# Inwards vs outwards self



## slowriot (Nov 11, 2008)

So I was talking to Grim about enneagram on ventrilo last night and I had some thoughts on it. This idea has some lacking thoughts so Im not saying it is perfect.

I have a basic problem with the test. Its not just this test but basically a lot other tests. That there seems to be an inwards behavior and an outwards behavior. My thoughts are basically in correlation with The Johari Window where you have a known self but not known to others (here inwards self) and a known self that is also known to others (the outwards self). Basically if I use myself as an example I have an outwards apperance of 9w8 and an inwards self of 5w6. This problem seems to be something that I have seen in many that have a hard time figuring out their motive for as an example why and how they do things. That these processes hinders them coming to a certain conclusion of what personality they are. Even for myself. And that seems to be a basic problem that I have not with my knowledge of enneagram - which might not be much - have seen adressed.


----------



## mcgooglian (Nov 12, 2008)

I seem to go through phases around people and my outward appearance. At first, I seem all sweet and innocent so I'd say 9w1 at first (especially around people with some kind of authority so I can get away with stuff and get free stuff without even trying). Once I start feeling more comfortable around people, I go back and forth between 7w8 and 9w8. In smaller groups, the 7w8 shows big time and I can be seen as the quiet yet crazy member of the group who doesn't seem to have boundaries with the things I do. Some people would definitely see me as a 7w8 though on the inside, I'm definitely a 9w8.


----------



## TurranMC (Sep 15, 2009)

First off thanks for that Johari window link, that is a very interesting way to to try to understand people.

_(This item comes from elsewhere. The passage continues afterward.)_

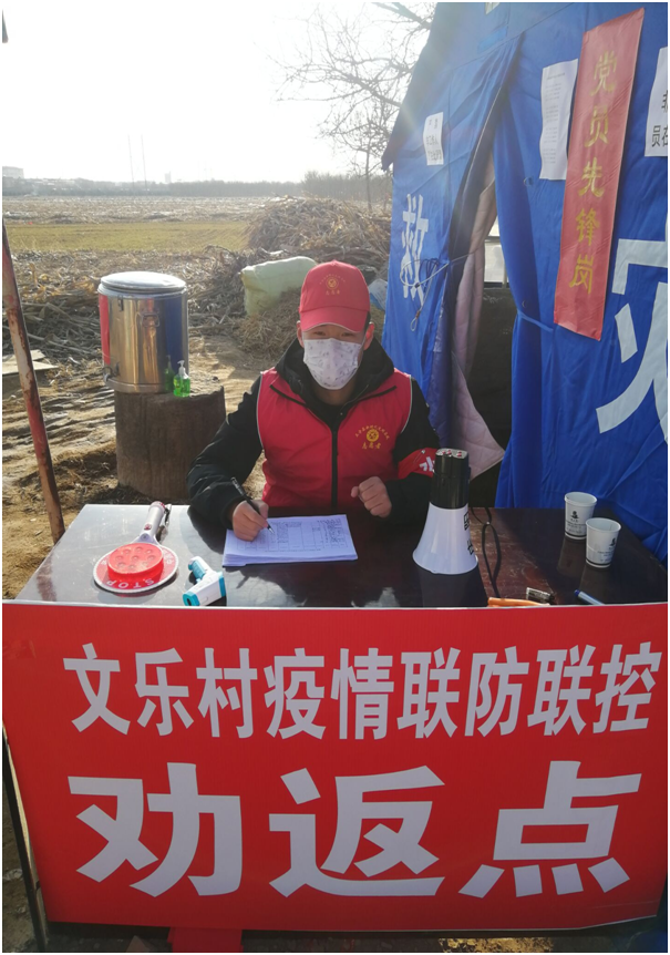 王宝强是机电工程18级一班的学生,家在甘肃省庆阳市正宁县榆林子镇文乐村四组,志愿服务时间是早上8点到下午8点,主要工作是在本村做宣传工作、记录人员流动详细信息、做防控卡点工作、对路过的车辆进行登记和消毒等。疫情发生后,他第一时间在志愿汇APP上,响应当地县、委团委号召,积极加入到防控志愿者的行列,服从当地干部指挥。现在每天主要在村口对村民做宣传教育、卡点防控、记录人员流动信息、爱心村民捐赠等工作。他说:“灾难无情,人间有情。对于此次疫情的防控,第一时间涌现出来那么多的逆行者,那么作为塔大学子,就应该继承胡杨精神,将胡杨精神带给身边的每个人。作为机电学子,更应该将机电魂传承并发扬,向人们展示机电学子的钢骨柔情。作为一名学生干部更应该想在前、做在前,为其他同学树立榜样,起到带头作用,从自身做起,为这次疫情阻击战奉献出自己的一份绵薄之力。”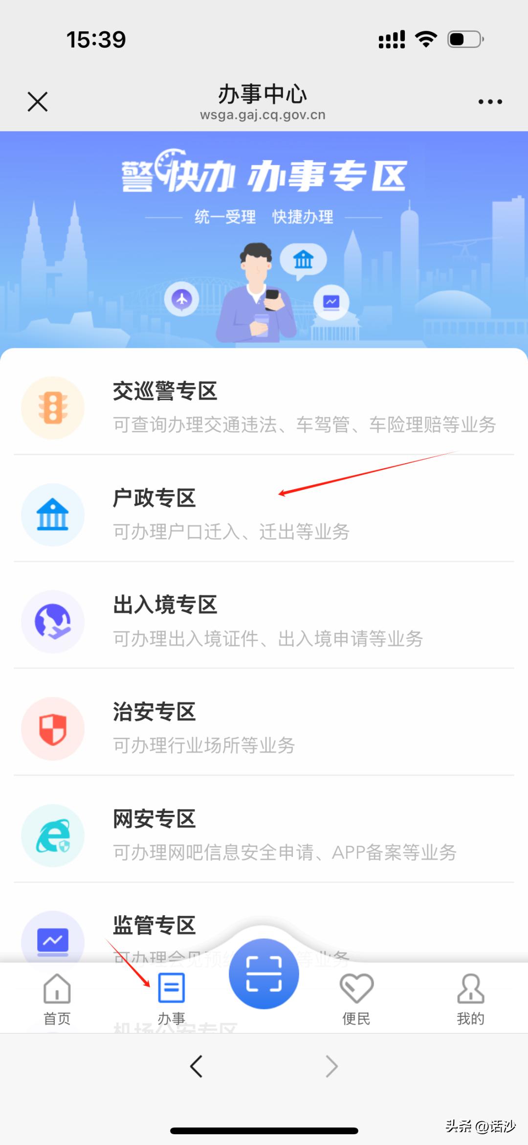 进入警快办-点击"办事"-"户政专区"

Anywho this is really the problem with any type of personality test and typing people in general. There are so many things that are not only hidden from others, but can be hidden from oneself. If our true selves were always known to ourselves or others than no one would ever be confused about their type. For instance you say you're 5w6 but you may actually be 9w8. There may be parts of yourself you do not realize or acknowledge that he did notice. Its quite troublesome. I try very very hard to view myself objectively and to understand what people think of me, but can I ever truly look at myself in such a way? Can I ever fully *know* myself?


----------



## slowriot (Nov 11, 2008)

TurranMC said:


> First off thanks for that Johari window link, that is a very interesting way to to try to understand people.
> 
> 
> Anywho this is really the problem with any type of personality test and typing people in general. There are so many things that are not only hidden from others, but can be hidden from oneself. If our true selves were always known to ourselves or others than no one would ever be confused about their type. For instance you say you're 5w6 but you may actually be 9w8. There may be parts of yourself you do not realize or acknowledge that he did notice. Its quite troublesome. I try very very hard to view myself objectively and to understand what people think of me, but can I ever truly look at myself in such a way? Can I ever fully *know* myself?


exactly, and I was reading up on the enneagram types and the threads Aubrey started and now 5w4 seems more me :laughing: I can see myself as a 9w8, but I feel Im too interested in the inner world of knowledge to be a true 9w8. But I would not consider myself a true intellectual.

And the problem is to find descriptions that are both adressing the inwards self and outwards self, which seems to be something that some descriptions are too generalized to describe.


----------



## Rourk (Feb 17, 2009)

*I can tell you what I see*

The I that is me isn't the I that you see


----------



## slowriot (Nov 11, 2008)

Rourk said:


> The I that is me isn't the I that you see


Yes thats the basic idea, any other thoughts? Or are we just being captain obvious?


----------



## Rourk (Feb 17, 2009)

slowriot said:


> Yes thats the basic idea, any other thoughts? Or are we just being captain obvious?


Touche. :tongue:


----------



## Rourk (Feb 17, 2009)

*Bundle Perception Theory*

What do you make of this? It rings true a lot after I have interactions with others. It seems to me that I dowload aspects of their personality and then I have to delete them. Certain moments in my life have been nothing but sheer terror of non-being. 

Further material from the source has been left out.